Leave out the pictures, then output the lines of the records below from the first through the one containing "余姚市第二自來水有限公司報裝系統采購項目招標公告".

Extracted records
────────────────
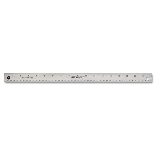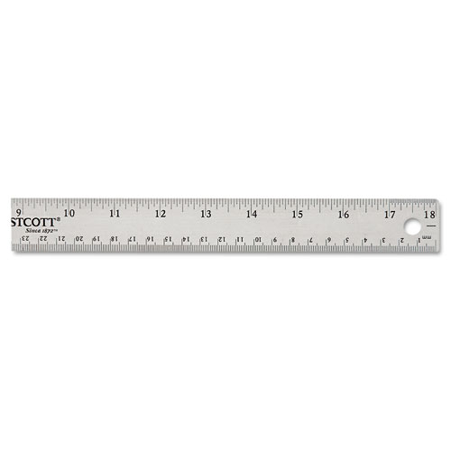 Nearly indestructible, warp-free, bend-resistant stainless steel ruler is ideal for precision tasks. Nonslip cork backing helps ensure precise measurements. Attractive, bright and tasteful, metallic finish fits right into modern office environments. Etched, bright white standard and metric markings deliver easy readability. First and last inches feature 1/32″ gradations. Drilled hook hole on one end for convenient tool-board storage.
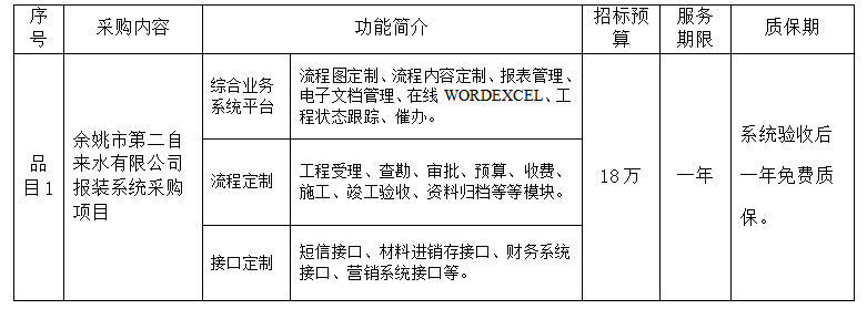 余姚市第二自來水有限公司報裝系統采購項目招標公告
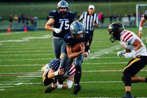 Northern Lehigh was able to put together its best drive of the night after Sukanick’s second score, going 11 plays and 77 yards — capped off by a 25-yard strike from Garrett Smoyer to Colin Karetsky at the right pylon to cut the deficit to 21.
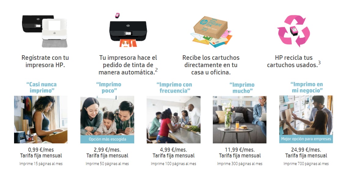 Este servicio funciona bajo un modelo de facturación basado en páginas imprimidas, y no en tinta consumida. Esto quiere decir que puedes imprimir como tú quieras, sin tener que preocuparte por la tinta ni por los costes de impresión. Al darte de alta, eliges entre uno de los cinco planes disponibles, cada incluye una cantidad determinada de páginas que puedes consumir como quieras. Si necesitas imprimir más, puedes ampliar en packs de páginas adicionales, o cambiarte de plan a uno superior.
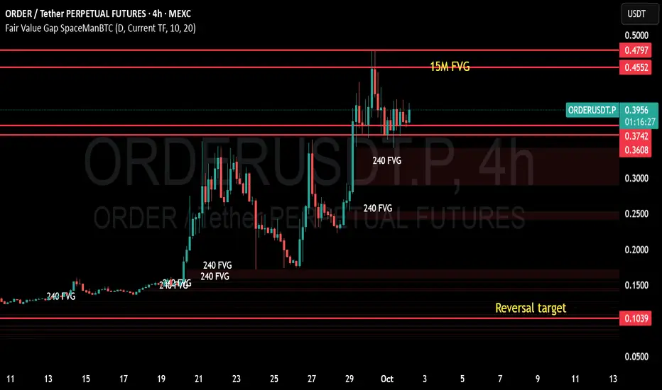 Analyzing the current price action of ORDERUSDT.P suggests a possible reversal, with expectations of a retracement back to the 10-cent level. Notably, a bottomless wick on the 4-hour candle at this level indicates strong support. Additionally, a Fair Value Gap (FVG) below the current price reinforces the likelihood of a return to that zone. The market typically seeks to fill FVGs above the current price, which aligns with this potential move.
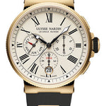 43mm 18K rose gold (5N) case, screw-down security crown crown, sapphire crystal, eggshell dial, Caliber UN-153 Self-winding movement with 30-minutes, 12-hours and small seconds registers, annual calendar backward/forward setting with months counter at 9 o'clock, date, rubber strap with titanium element, deployant buckle. Water resistant to 100m.
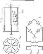 Рис. 33. Схема расположения электродов в электрофильтре: 1 – коронирующий электрод; 2 – осадительный электрод; 3 – силовые линии электрического поля в электрофильтре; 4 – выпрямитель.
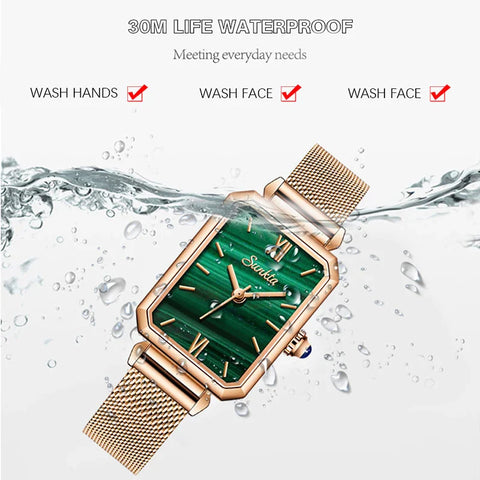 Women's Rectangular Green Dial Mesh Band Quartz Watch En solde
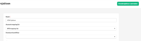 Voeg onderstaand dossiersjabloon toe en voeg indien gewenst, bij de standaard workflow, de VZW – jaarrekening toe. Dit zorgt ervoor indien je een nieuw VZW dossier opmaakt dat de workflow van de jaarrekening van VZW’s automatisch worden toegevoegd.
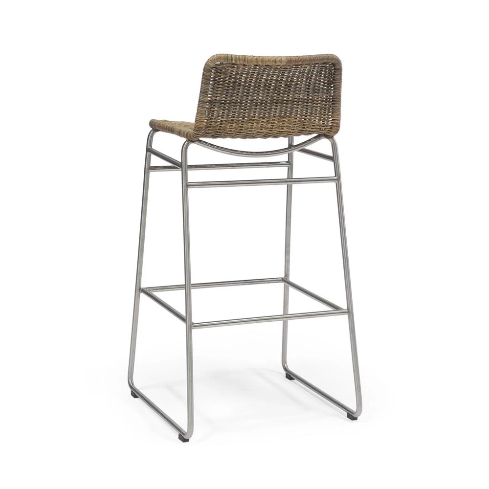 Counter Stool in hardwood frame and legs in a warm brown tone accented with an antique brass finish footrest with a double wall back of woven synthetic rattan peel in a honey finish. Stools come with a fixed upholstered seat. (Discontinued product).
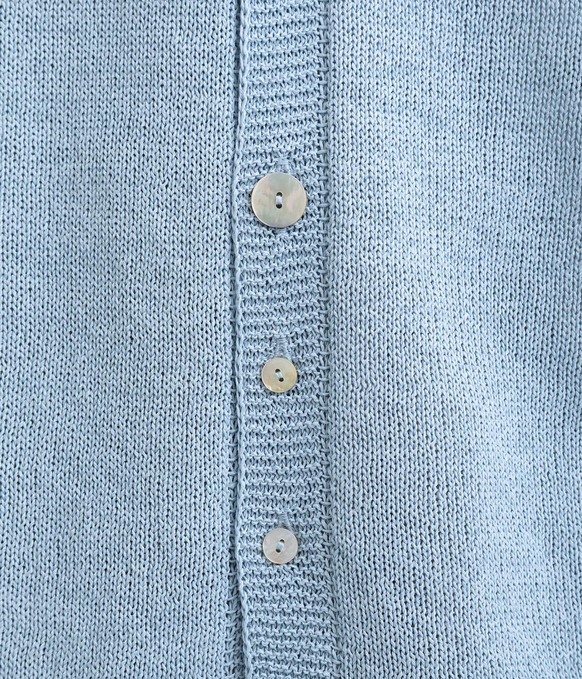 ペーパーコットンならではのドライな風合いが、清涼感のある着心地を叶えます。軽くて肌にまとわりつきにくいので、長時間の着用も快適です。ざっくりとした編みの表情が、素材のよさを引き立てています。
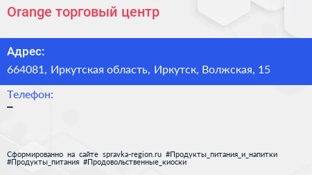 Orange, торговый центр по адресу 664081, Иркутская область, Иркутск, Волжская, 15 в дальнейшем Организация, размещена в следующих категориях:
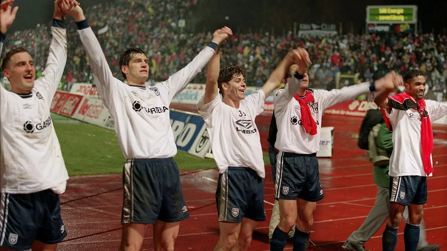 Kurz vor Weihnachten 1999 feierten (v.l.) David Zdrilic, Joachim Stadler, Leandro Fonseca, Rainer Scharinger und ihre Ulmer Mitspieler in der Bundesliga einen 3:0-Coup gegen Eintracht Frankfurt
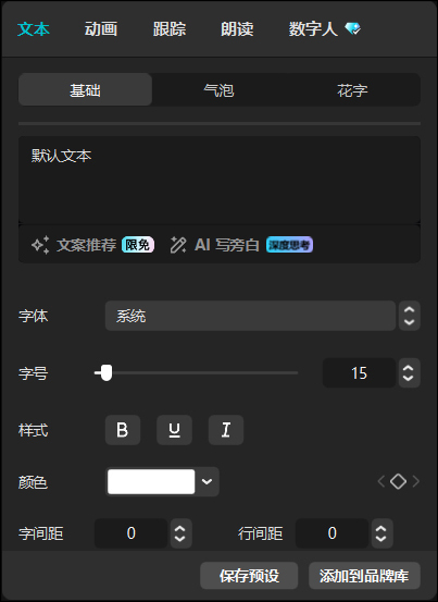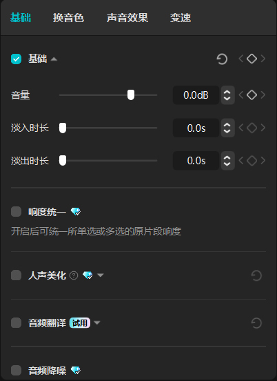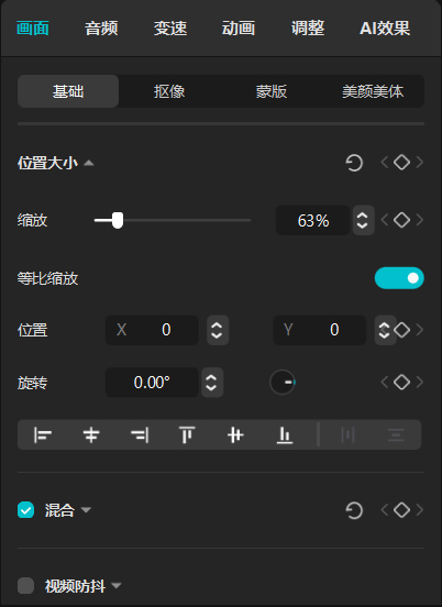 选中时间轴中的某段素材后,可以在属性区中调整该素材的属性参数。选中视频、文字、音频素材后,属性区显示的界面分别如图1-25至图1-27所示。
────────────────
* _Answer to this exercise_:
 Nearly indestructible, warp-free, bend-resistant stainless steel ruler is ideal for precision tasks. Nonslip cork backing helps ensure precise measurements. Attractive, bright and tasteful, metallic finish fits right into modern office environments. Etched, bright white standard and metric markings deliver easy readability. First and last inches feature 1/32″ gradations. Drilled hook hole on one end for convenient tool-board storage.
 余姚市第二自來水有限公司報裝系統采購項目招標公告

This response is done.